И дольше века длится день... - Чингиз Айтматов
Шрифт:
Интервал:
Закладка:
— Так вот, значит, — Сейдахмат охотно принялся повторять уже рассказанное. — Только мы стали подъезжать к маралам, а они стояли на опушке в леску, все три. Только мы привязали коней к деревьям, старик мой вдруг хватает меня за руку. «Не можем, — говорит, — мы стрелять маралов. Мы — бугинцы, дети Рогатой матери-оленихи!» А сам смотрит на меня, как ребенок. Умоляет глазами. А я — хоть стой, хоть падай, — подыхаю со смеху. Но не засмеялся. А, наоборот, так это серьезно. «Ты, что, — говорю, — в тюрьму хочешь угодить?» «Нет», — говорит он. «А ты знаешь, что байские сказки эти, придуманные в темные байские времена, чтобы, значит, запугивать бедняцкий народ!» А он тогда и рот раскрыл: «Да что ты?» — говорит. «Вот то-то, — говорю, — ты эти разговорчики оставь, а не то не посмотрю, что старик, напишу на тебя куда следует».
— Ха-ха-ха! — рассмеялись дружно сидевшие.
И больше всех Орозкул. Уж он-то хохотал в усладу.
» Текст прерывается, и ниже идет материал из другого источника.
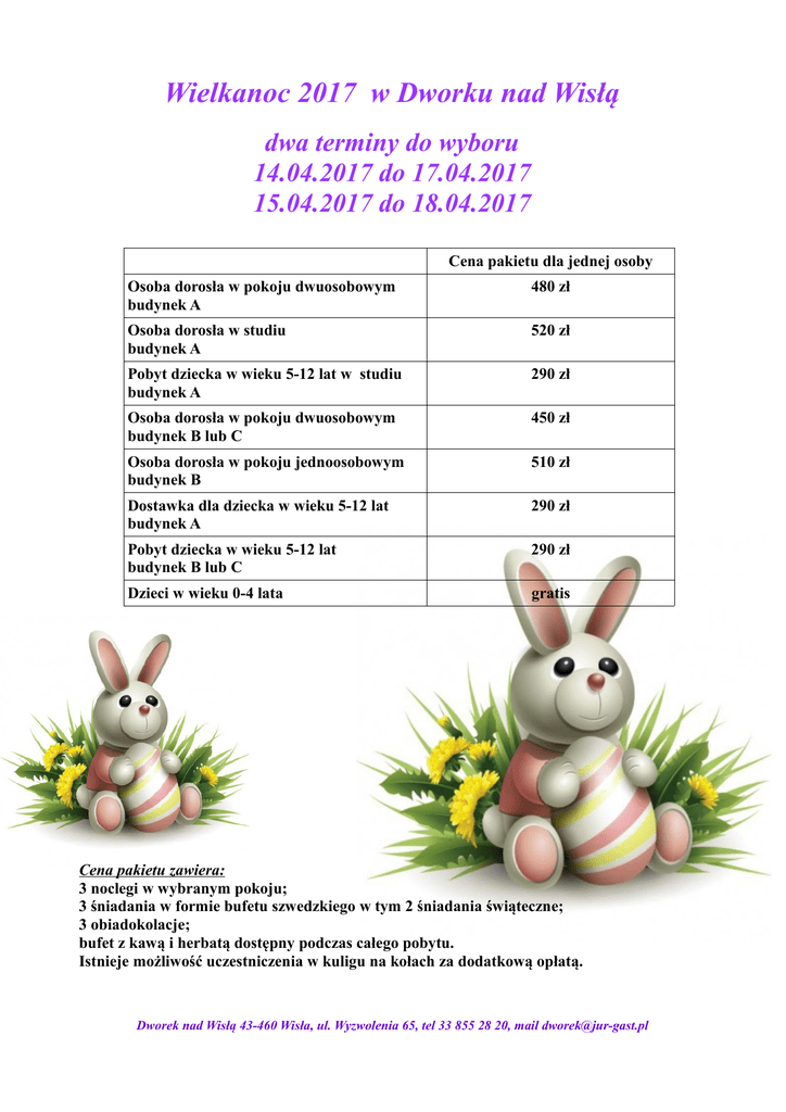Wielkanoc 2017 w Dworku nad Wisłą dwa terminy do wyboru 14.04.2017 do 17.04.2017 15.04.2017 do 18.04.2017 Cena pakietu dla jednej osoby Osoba dorosła w pokoju dwuosobowym budynek A 480 zł Osoba dorosła w studiu budynek A 520 zł Pobyt dziecka w wieku 5-12 lat w studiu budynek A 290 zł Osoba dorosła w pokoju dwuosobowym budynek B lub C 450 zł Osoba dorosła w pokoju jednoosobowym budynek B 510 zł Dostawka dla dziecka w wieku 5-12 lat budynek A 290 zł Pobyt dziecka w wieku 5-12 lat budynek B lub C 290 zł Dzieci w wieku 0-4 lata gratis Cena pakietu zawiera: 3 noclegi w wybranym pokoju; 3 śniadania w formie bufetu szwedzkiego w tym 2 śniadania świąteczne; 3 obiadokolacje; bufet z kawą i herbatą dostępny podczas całego pobytu. Istnieje możliwość uczestniczenia w kuligu na kołach za dodatkową opłatą. Dworek nad Wisłą 43-460 Wisła, ul. Wyzwolenia 65, tel 33 855 28 20, mail [email protected]

— Ну, а потом подкрадываемся мы. Другой бы зверь давно сиганул бы, и след простыл, а эти полоумные маралы не бегут, вроде бы и не боятся нас. Ну, тем лучше, думаю, — прихвастывая, рассказывал пьяный Сейдахмат. — Я впереди с ружьем. Старик позади. И тут на меня сомнение напало. В жизни я еще воробья не подстреливал. А тут такое дело. Не попаду — рванут по лесу, и ищи их. Попробуй угонись за ними. Уйдут за перевал. Кому это нужно, такую дичь упускать? А старик у нас охотник, медведя валил в свое время. Я ему и говорю: «Вот тебе ружье, старик, стреляй». А он ни в какую! «Сам, — говорит, — стреляй». А я ему: «Да я же пьяный», — говорю, И сам шатаюсь, вроде на ногах не стою. А он видел, когда мы вывезли бревно из реки, с вами же вместе бутылочку распили. Вот я и прикинулся.
— Ха-ха-ха!..
— «Я не попаду, — говорю, — уйдут маралы, второй раз не вернутся. А нам с пустыми руками не стоит возвращаться. Сам знаешь. А то смотри. Зачем нас сюда послали?» Молчит. А ружье не берет. «Ну, — говорю, — как хочешь». Бросил я ружье и вроде бы ухожу. Он за мной. «Мне, — я говорю, — все равно, выгонит меня Орозкул, пойду в совхоз работать. А ты куда на старости?» Молчит. И я так это, потихоньку, для картины, значит:
С рыжих, рыжих гор
Я приехал на рыжем жеребце.
Эй, рыжий купец, открывай двери!..
— Ха-ха-ха!..
— Поверил, что я и впрямь пьян. Пошел за ружьем. Я тоже вернулся. Пока мы пререкались, маралы наши ушли чуть подальше. «Ну, — говорю, — смотри, уйдут, не догонишь. Стреляй, пока они непуганы». Взял старик ружье. Стали подкрадываться. А он все шепчет, как полоумный: «Прости меня, Рогатая мать-олениха, прости…» А я ему свое: «Смотри, — говорю, — промажешь — убегай вместе с маралами куда глаза глядят, лучше не возвращайся».
— Ха-ха-ха!..
В пьяном чаду и хохоте мальчику становилось все жарче и душнее, голова раскалывалась от разбухающей, не умещающейся в голове боли. Ему казалось, что кто-то пинал ногами его голову, что кто-то рубил его голову топором. Ему казалось, что кто-то метит топором в его глаза, и он мотал головой, старался увернуться. Изнемогая от жара, он вдруг очутился в холодной-холодной реке. Он превратился в рыбу. Хвост, туловище, плавники — все рыбье, только голова оставалась своей и к тому же болела. Он поплыл в приглушенной, темной подводной прохладе и думал о том, что теперь навсегда останется рыбой и никогда не вернется в горы. «Не вернусь, — говорил он сам себе. — Лучше быть рыбой, лучше быть рыбой…»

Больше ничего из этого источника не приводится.